Calculate the anomaly in the number of days with Fire Weather Index > 50

The first step is to extract the period we want to analyse (1st May to 30th September) and count the number of days per year where FWI is greater than our threshold, 50.

# Extract the summer months from the data:
da_summer = da.sel(time=ds.time.dt.month.isin([5,6,7,8,9]))

# Count the number of days where the FWI is greater than our threshold, i.e. 50:
fwi_threshold = 50
fwi_over_50 = da_summer.where(da_summer>fwi_threshold)
nday_fwi_over_50 = fwi_over_50.groupby('time.year').count(dim = 'time')
nday_fwi_over_50

<xarray.DataArray 'fwinx' (year: 32, latitude: 361, longitude: 720)>
dask.array<stack, shape=(32, 361, 720), dtype=int64, chunksize=(1, 361, 720), chunktype=numpy.ndarray>
Coordinates:
    surface    float64 0.0
  * latitude   (latitude) float64 90.0 89.5 89.0 88.5 ... -89.0 -89.5 -90.0
  * longitude  (longitude) float64 -180.0 -179.5 -179.0 ... 178.5 179.0 179.5
  * year       (year) int64 1991 1992 1993 1994 1995 ... 2019 2020 2021 2022

Then we calculate a climatology for the period 1991 to 2020 and use that to calculate the anomaly for 2020

# Select year 1991 to 2020 and calculate the mean for each gridcell
nday_fwi_over_50_clim = nday_fwi_over_50.sel(year=slice(1991,2020)).mean(dim='year')

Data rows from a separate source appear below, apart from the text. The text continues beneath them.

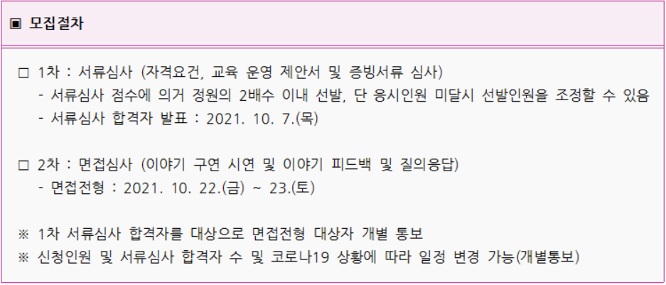 1차 서류심사(자격요건, 교육 운영 제안서 및 증빙서류 심사) → 2차 면접(이야기 구연 시연 및 이야기 피드백 및 질의응답)을 통해 최종 선발하게 된다.
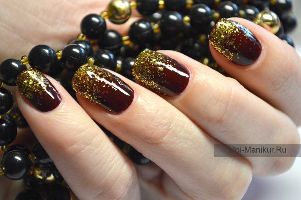 Омбре — идеально подойдет для новогоднего маникюра с глиттером. Использовать можно несколько оттенков глиттера, которые обеспечат плавный переход градиента.
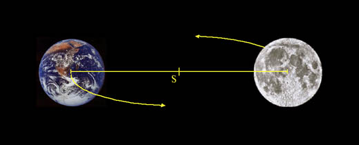 Wenn Mond und Erde die gleiche Größe hätten, würde sie beide um einen Punkt, der genau auf halber Strecke zwischen ihnen liegt, kreisen. |
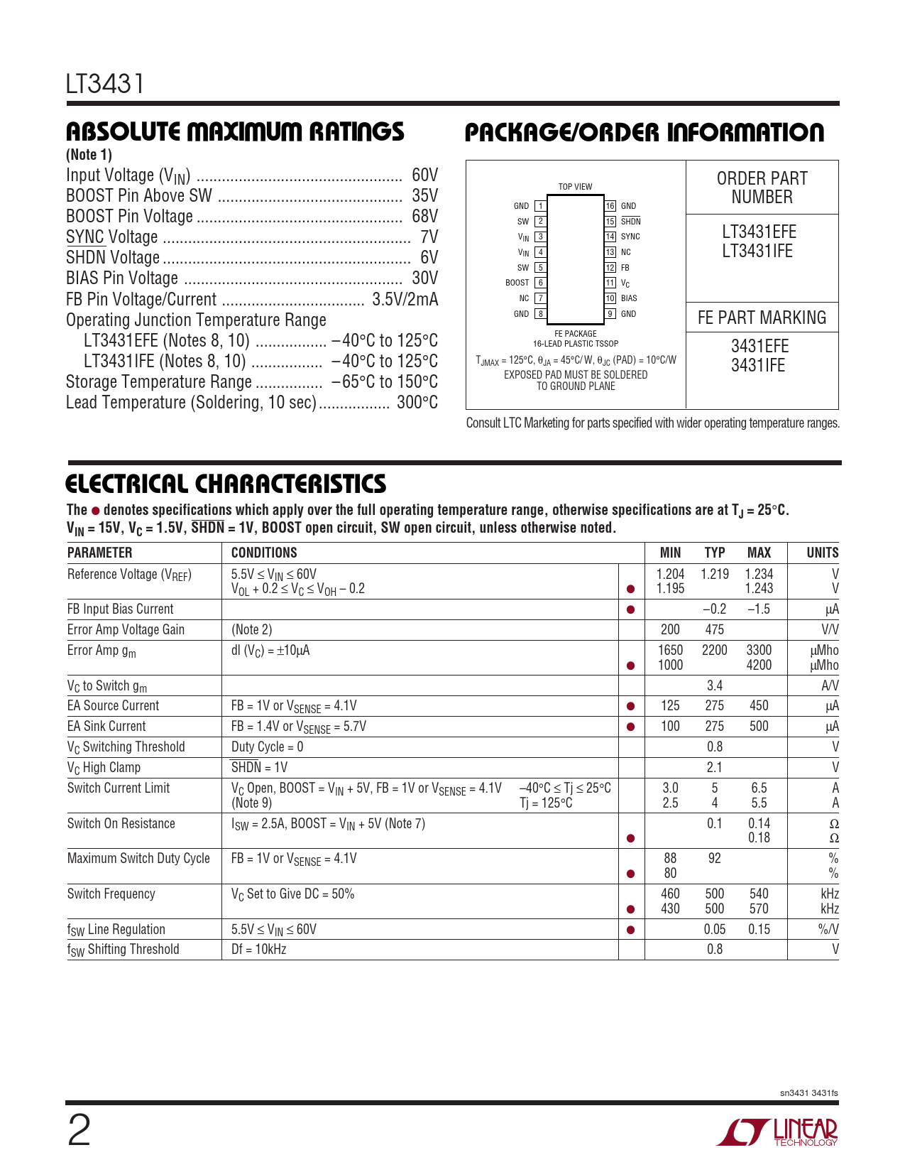 Datasheet LT3431 (Analog Devices) - 2
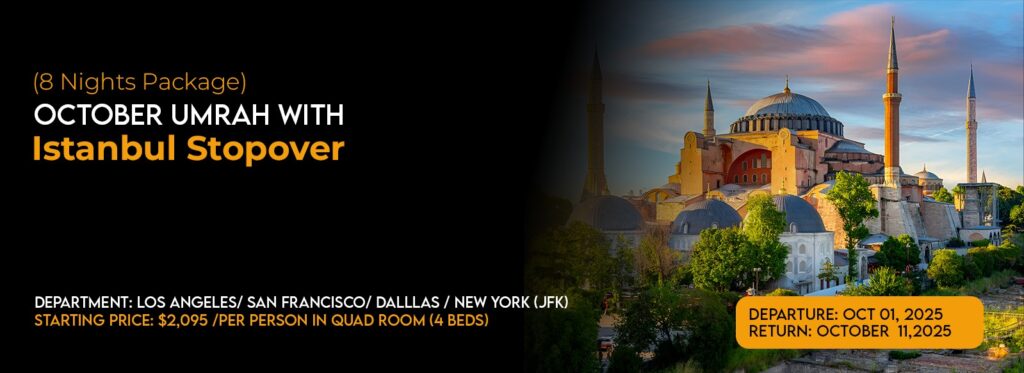 Join our exclusive 10-night October 2025 Umrah package with a special Istanbul experience. A perfectly planned journey combining spiritual fulfillment and enriching travel.
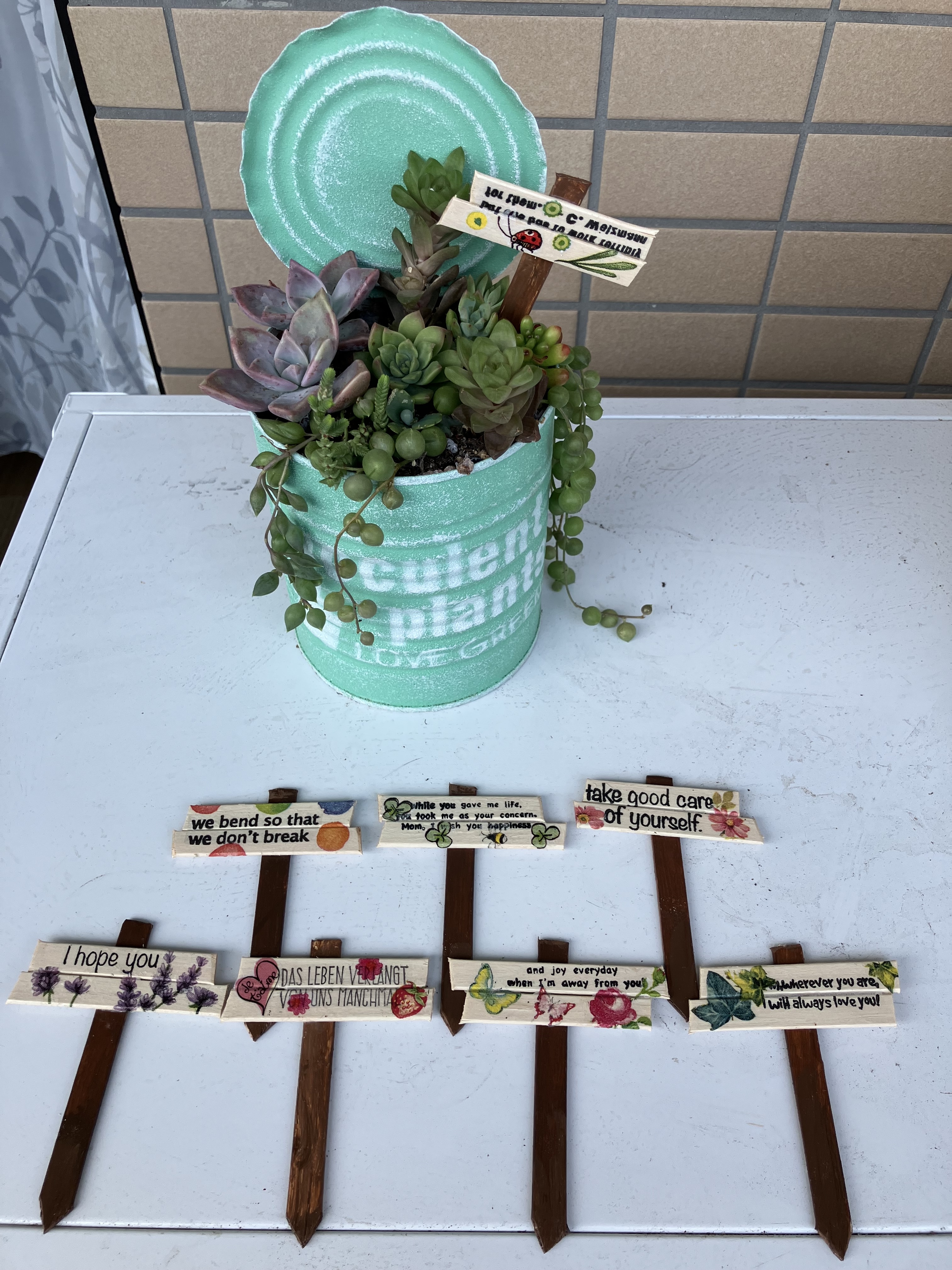 リメイク鉢、リメイク缶、ガーデンピック、花台など
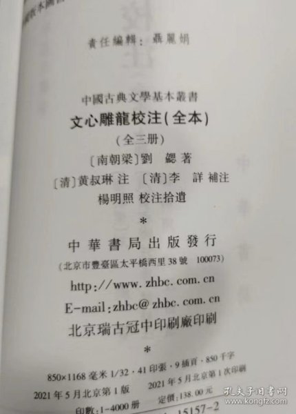 文心雕龙校注(全本)全三册--中国古典文学基本丛书 3I15c 版次更新不同步 以实际收到书为准
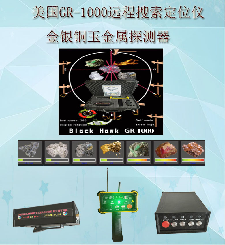 新款美國GR-1000地下大范圍遠程金銀寶石自動金屬探測器,具有大深度自動雷達定位,具有重量輕攜帶方便,手提箱主機,防水,抗摔,操作簡單實用。所有調節都很直觀簡單,直觀提供了不同金屬的不同信號。擁有比較強的金屬識別能力,可以選擇金屬模式金銀銅寶石玉器功能。
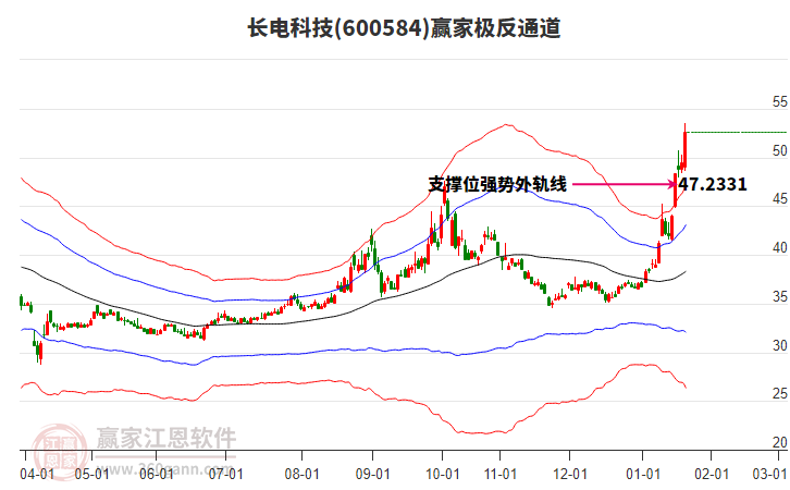 今天長電科技600584最高價45.28挑戰(zhàn)了贏家極反通道工具上方紅色外軌線,受到上方紅色外軌線強力壓制,最終收盤停留在在上方紅色外軌線與藍色外軌線上方的超強通道區(qū)域。長電科技600584近10個交易

# Subtract the mean from the data for 2022
nday_fwi_over_50_anomaly_2022 = nday_fwi_over_50.sel(year=2022) - nday_fwi_over_50_clim
nday_fwi_over_50_anomaly_2022

<xarray.DataArray 'fwinx' (latitude: 361, longitude: 720)>
dask.array<sub, shape=(361, 720), dtype=float64, chunksize=(361, 720), chunktype=numpy.ndarray>
Coordinates:
    surface    float64 0.0
  * latitude   (latitude) float64 90.0 89.5 89.0 88.5 ... -89.0 -89.5 -90.0
  * longitude  (longitude) float64 -180.0 -179.5 -179.0 ... 178.5 179.0 179.5
    year       int64 2022

3. Plot the data as maps

First we define a plotting function that we will use throughout this section

# Colour scale options for the normal and masked version of the plotting method
#  They are identical except for the grey region between -1 and +1 in the masked version
COLOURS = {
    "normal": ['#135178', '#0a759f', '#3c8db8', '#51c6d7', '#a6d7db', '#fdeaa5', '#fec34d', '#d15d36', '#ad2124', '#772227'],
    "masked": ['#135178', '#0a759f', '#3c8db8', '#51c6d7', '#a6d7db','grey', '#fdeaa5', '#fec34d', '#d15d36', '#ad2124', '#772227'],
}
BOUNDS = {
    "normal":  [-25, -20, -15, -10, -5, 0, 5, 10, 15, 20, 25],
    "masked": [-25, -20, -15, -10, -5, -1, 1, 5, 10, 15, 20, 25],
}
CBAR_TICKS = {
    "normal": [-25, -15, -5, 5, 15, 25],
    "masked": [-25, -15, -5, -1, 1, 5, 15, 25],
}

def produce_map_plot(
    da,  # Data array to plot
    title = "Anomaly in the number of days when FWI>50",
    cbar_title = "Number of days",
    borders=True, projection = ccrs.Robinson(),
    extent = None, figsize=(10,10),
    style = "normal",
):
    # Create a plotting axis
    plt.figure(figsize=figsize, dpi=100)
    ax = plt.axes(projection=projection)

    # Pick the style options
    colours = COLOURS[style]
    bounds = BOUNDS[style]
    cbar_ticks = CBAR_TICKS[style]
    under_colour = colours[0]
    over_colour = colours[-1]

    # Create the custom colormap from the selected options
    my_cmap = (colors.ListedColormap(colours))
    my_cmap.set_over(over_colour)
    my_cmap.set_under(under_colour)

    # Specify the number of discrete levels to use in the colormap
    norm = colors.BoundaryNorm(bounds, my_cmap.N)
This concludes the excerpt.